Green light for phase I/IIa study with IDO 8
During the second quarter, Idogen plans to initiate a clinical phase I/II study with IDO 8, where the goal is to evaluate safety and monitor signals of treatment effect in patients. In March, the company received approval from the Swedish Medicines Agency to initiate the study – see BioStock's interview with Anders KarlssonNow the Norwegian Medicines Agency has also NoMA, has given the go-ahead to begin patient recruitment for the study.
Idogen intends to conduct the study in more countries than Sweden and Norway and is in dialogue with several European trial centers regarding this.

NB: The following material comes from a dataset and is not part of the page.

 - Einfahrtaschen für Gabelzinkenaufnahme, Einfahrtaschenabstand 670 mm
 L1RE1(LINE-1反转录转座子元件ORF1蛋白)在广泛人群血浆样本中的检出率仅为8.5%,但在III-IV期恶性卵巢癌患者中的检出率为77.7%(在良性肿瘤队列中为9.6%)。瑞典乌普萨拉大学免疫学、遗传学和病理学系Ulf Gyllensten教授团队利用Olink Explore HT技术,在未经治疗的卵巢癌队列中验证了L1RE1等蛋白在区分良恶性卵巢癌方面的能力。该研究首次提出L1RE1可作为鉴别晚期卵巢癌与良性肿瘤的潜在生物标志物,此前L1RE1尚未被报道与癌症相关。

Idogen's cell therapy to be tested on patients for the first time
The upcoming Phase I/IIa study is a so-called First-in-Human study where IDO 8 will be tested in patients for the first time. The study design has been developed in dialogue with the regulatory authorities in the Nordic region and leading specialists in the field. The study will include nine hemophilia A patients with antibodies to the standard treatment with FVIII.
An initial follow-up will be conducted 26 weeks after the patient has received their treatment. In addition, a long-term follow-up will be conducted after 52 weeks. Three different doses will be evaluated for safety, but also preliminary clinical efficacy.

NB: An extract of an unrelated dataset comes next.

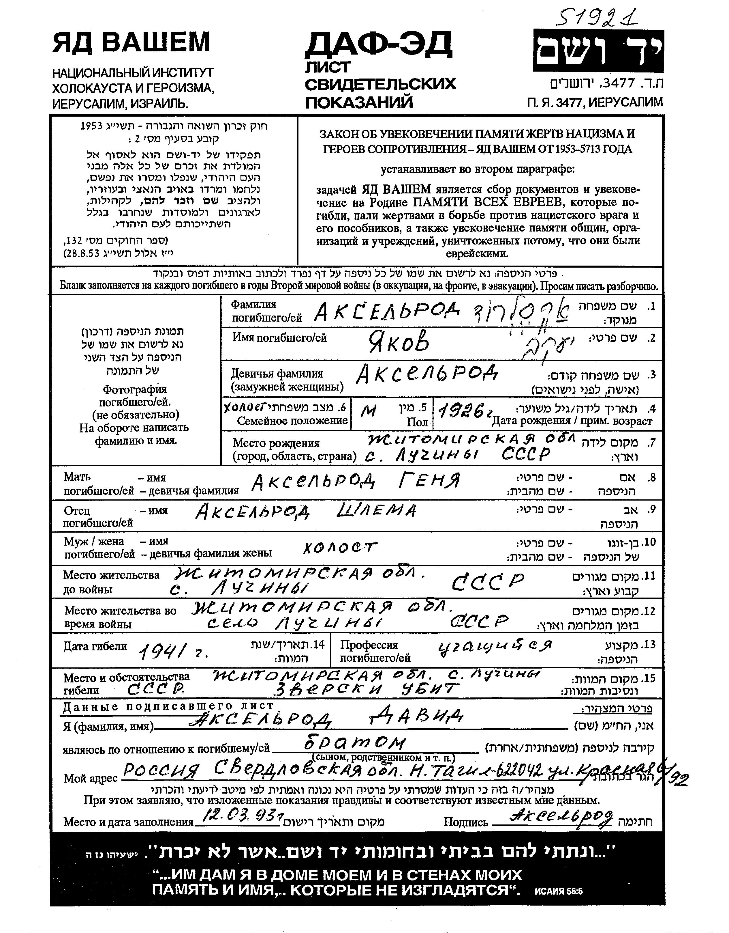 Yakov Akselrod was born in Luginy, Ukraine (USSR), 1926 to Shlema and Genia. He was a pupil and child. Prior to WWII he lived in Luginy, Ukraine (USSR). During the war he was in Luginy, Ukraine (USSR). Yakov was murdered in the Shoah. Place of death: Luginy, Ukraine (USSR), 1941.

The effect that is desired to be achieved with IDO 8 is to extinguish the immune response to the FVIII treatment so that the antibody reaction disappears, which would allow the patient to be treated with factor concentrate again. Read more about the expectations of IDO8's effect in BioStock's interview with professor Jan Astermark, principal investigator in the clinical study with IDO 8.
Collaboration agreement with two CROs
The study is expected to last during 2022-2023 and will be conducted together with Klifo and 4Pharma, two contract research organizations (CROs) with extensive experience in drug development. The collaboration agreements were signed in March and apply to all trial centers in Europe where Idogen intends to conduct the study.
Strengthens the organization ahead of the start of the study
To strengthen the organization ahead of the clinical development phase, Idogen has recruited three new employees – Hanjing Xie as CMO, Rory Graham as CRO and Martina Johannesson to the role of Program Manager Cell Therapy.
Hanjing Xie, who most recently came from a role as Senior Medical Study Director at Oncopeptides, will be responsible for the clinical development of IDO 8. Rory Graham, with extensive experience in regulatory processes in Europe and the US, will continue the regulatory work with IDO 8 and further applications prior to the start of the Phase I/IIa study.
Martina Johannesson, who most recently came from the stem cell company Amniotic, will ensure the coordination and implementation of the IDO 8 project, as well as the development program for IDO T which aims to reduce the risk of organ rejection in kidney transplantation.
A strengthened organization, as well as study approval in both Sweden and Norway, bodes well for exciting months ahead for Idogen.